For any secret an instance needs access to, we recommend using Vault, AWS Parameter store, or KMS encrypted S3 authenticated by a service's instance profile.
The user data is KMS encrypted and uploaded to S3. Odin will replace some strings with information about the release, project, config and service, e.g.:
...
write_files:
- path: /
content: |
{{RELEASE_ID}}
{{PROJECT_NAME}}
{{CONFIG_NAME}}
{{SERVICE_NAME}}
Odin will replace {{PROJECT_NAME}}
with the name of the project and {{SERVICE_NAME}}
with the name of the service. This can be useful for getting service specific configuration and logging.
The odin
client will upload the user data for the services from the <release_file>.userdata
file, e.g. deployer-test-release.json.userdata
.
Timeout
A release can have a timeout
which is how long in seconds a release will wait for its services to become healthy. By default the timeout is 10 minutes, the max value would be around a year (31556926 seconds) since that is how long a step function can run.
Lifecycle
AWS provides Auto Scaling Group Lifecycle Hooks to detect and react to auto-scaling events. You can add the lifecycle hooks to the ASGs with:
{ ...
"lifecycle": {
"termhook" : {
"transition": "autoscaling:EC2_INSTANCE_TERMINATING",
"role": "asg_lifecycle_hooks",
"sns": "asg_lifecycle_hooks",
"heartbeat_timeout": 300
}
}
}
These can be used to gracefully shutdown instances, which is necessary if a service has long running jobs e.g. a worker
service.
Halt
Odin supports manually stopping a release while is it being deployed. Just execute:
odin halt deploy-test-release.json
This will:
- Find the running deploy for the project configuration
- Write a
halt
file to S3 - Wait for Odin to detect the halt file and fail the deploy
Halt does not guarantee that the release will not be deployed, if executed too late the release may still result in success.
DO NOT use Stop execution
of the Odin step function as it will not clean up resources and leave AWS in a bad state.
Security
Deployers are critical pieces of infrastructure as they may be used to compromise software they deploy. As such, we take security very seriously around the odin
and try to answer the following questions:
- Authentication: Who can deploy?
- Authorization: What can be deployed?
- Replay and Man-in-the-middle (MITM): Can some unauthorized person edit or reuse a release to change what is deployed?

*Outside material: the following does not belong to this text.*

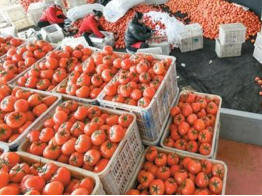 近年来,河北省肃宁县持续推进农业产业结构调整,因地制宜发展特色设施农业,种植高品质蔬菜,促进农民增收,助力乡村全面振兴。图为肃宁县万里镇一家蔬菜种植合作社的社员在分拣收获的西红柿。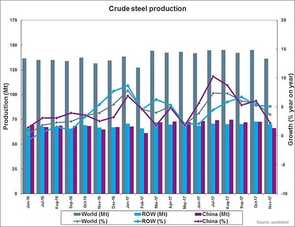 美国2017年11月粗钢产量为670万吨,同比提高8.5%。

- Audit: Who has done what, and when?
Authentication
The central authentication mechanisms are the AWS IAM permissions for step functions and S3.
By limiting the ec2:CreateAutoscalingGroup
, permissions the Odin function becomes the only way to deploy ASG's. Then limiting permissions to who can call states:StartExecution
for Odin limits who can deploy.
Ensuring that Odin's lambda can only access a single S3 bucket, further limits who can deploy with:
{
"Effect": "Allow",
"Action": [
"s3:GetObject*", "s3:PutObject*",
"s3:List*", "s3:DeleteObject*"
],
"Resource": [
"arn:aws:s3:::#{s3_bucket_name}/*",
"arn:aws:s3:::#{s3_bucket_name}"
]
},
{
"Effect": "Deny",
"Action": ["s3:*"],
"NotResource": [
"arn:aws:s3:::#{s3_bucket_name}/*",
"arn:aws:s3:::#{s3_bucket_name}"
]
},
The Odin step function also needs to decrypt the KMS encrypted user-data that is uploaded to S3. By default it is encrypted with the alias/aws/s3
key, but a custom KMS key can be used and wither an alias or arn can be added to user_data_kms_key
. A custom key will give a better audit trail, and can lock down who can release even more.

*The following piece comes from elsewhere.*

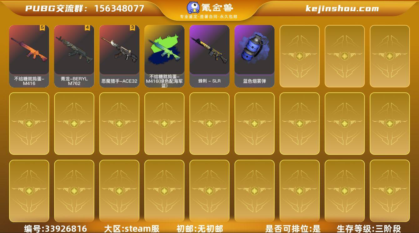 JDPX13997 生存500级可排位/5级不给糖就捣蛋-M416/不给糖就捣蛋-M416(绿色配海军蓝)/3级恶魔猎手-ACE32/4级青龙-BERYLM762/蓝色魔法烟枪/蓝色烟雾弹/尼尔头/白熊鞋/悲喜粉色套/ 0BJ4C7号 无排名, 生存等级1054, 名誉等级3, 金标数量2, 图纸3, 聚合物9482, 枪皮数量134, [成长型] 不给糖就捣蛋 - M416[5级], [成长型] 恶魔猎手 - ACE32[3级], [成长型] 青龙 - Beryl M762[4级]

Who can execute the step function, and who can upload to S3 are the two permissions that guard who can deploy.
Authorization
All resources that can be used in a Odin deploy must opt-in using tags or paths. Additionally, service resources require specific tags or paths denoting which project/config/service can use them.
Assets uploaded to S3 are in the path /<ProjectName>/<ConfigName>
so limiting who can s3:PutObject
to a path can be used to limit what project-configs they can deploy or halt.
Replay and MITM
Each release the client generates a release release_id
, a created_at
date, and together also uploads the release to S3.
The odin
will reject any request where the created_at
date is not recent, or the release sent to the step function and S3 don't match. This means that if a user can invoke the step function, but not upload to S3 (or vice-versa) it is not possible to deploy old or malicious code.
Audit
Working out what happened and when is very useful for debugging and security response. Step functions make it easy to see the history of all executions in the AWS console and via API. S3 can log all access to cloud-trail, so collecting from these two sources will show all information about a deploy.
Continuing Deployment
There is always more to do:
- Allow LifeCycle Hooks to send to Cloudwatch.
- Subnet, AMI, life cycle and userdata overrides per service.
- Check EC2 instance limits and capacity before deploying.
- Slowly scale (Canary) instances up rather than all at once, e.g. deploy 1 instance check it is healthy then deploy the rest.
- Add ELB and Target Group error rates when checking healthy.
- Custom auto-scaling policy types.